Research Project FA9550-19-1-0020
Recent years have witnessed a profound transformation in the use of intelligent technology in our daily lives. This technology is now an ubiquitous reality that provides us with personal assistants deployed in several platforms, ranging from small devices, such as smart phones, smart watches and smart speakers, to domestic robots, such as Roomba and Pepper.
As the number of robots continues to increase, we expect to see robots interacting more and more with a variety of other robots and humans. In many of these interactions, the robots may share the same goal and consequently cooperate to achieve that goal. However, many robots may not have coordination and standard communication protocols, because they have been designed by different developers and at different times. Hence, robots have to observe the teammates, reason about their strategy and act in order to achieve the common goal.
This area of research is called ad hoc teamwork and is focused on building learning agents, such as softbots or robots, that engage in cooperative tasks with other unknown agents.

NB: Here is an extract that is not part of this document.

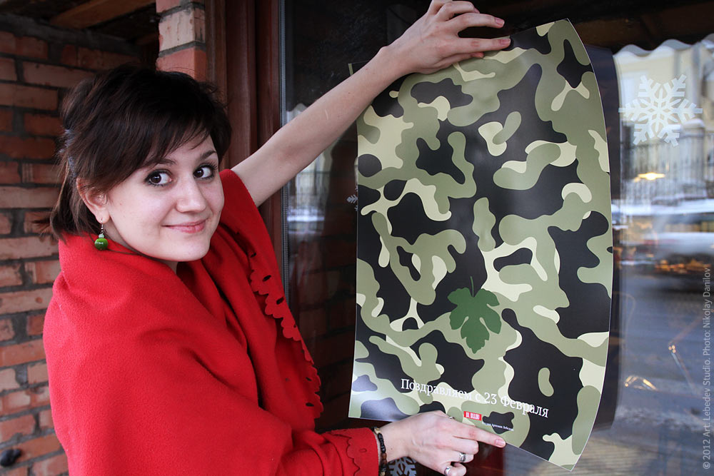![]() Hostess Evgenia Onokhova decorating the studio’s café on Bolshaya Nikitskaya with a poster we designed to commemorate Defender of the Motherland Day.

The agent must effectively coordinate with the other agents towards completion of the intended task, not relying on any predefined coordination strategy. In this project, we focus on the challenging goal of ad hoc teams of humans and robots. The project aims to go beyond the typical “master-slave” and “one-robot-one-human” type of interaction, pushing step changes in the current state-of-the-art in terms of human-robot interactions.
The two main project goals are to explore the scientific and technological challenges involved in:
Developing human-robot ad hoc teams. We will test the developed technology in the context of a physical game involving humans and robots in order to investigate how to extend ad hoc teamwork methods and multi-agent planning under uncertainty to cooperative scenarios involving human and robot agents.
Developing robust forms of natural interaction, including natural language interactions, and how contextual and environment information, collected by a sensor network, can improve the interaction between robot and human agents during joint collaborative tasks involving activities in a physical environment.
The project is a collaboration between INESC-ID and PUC-Rio.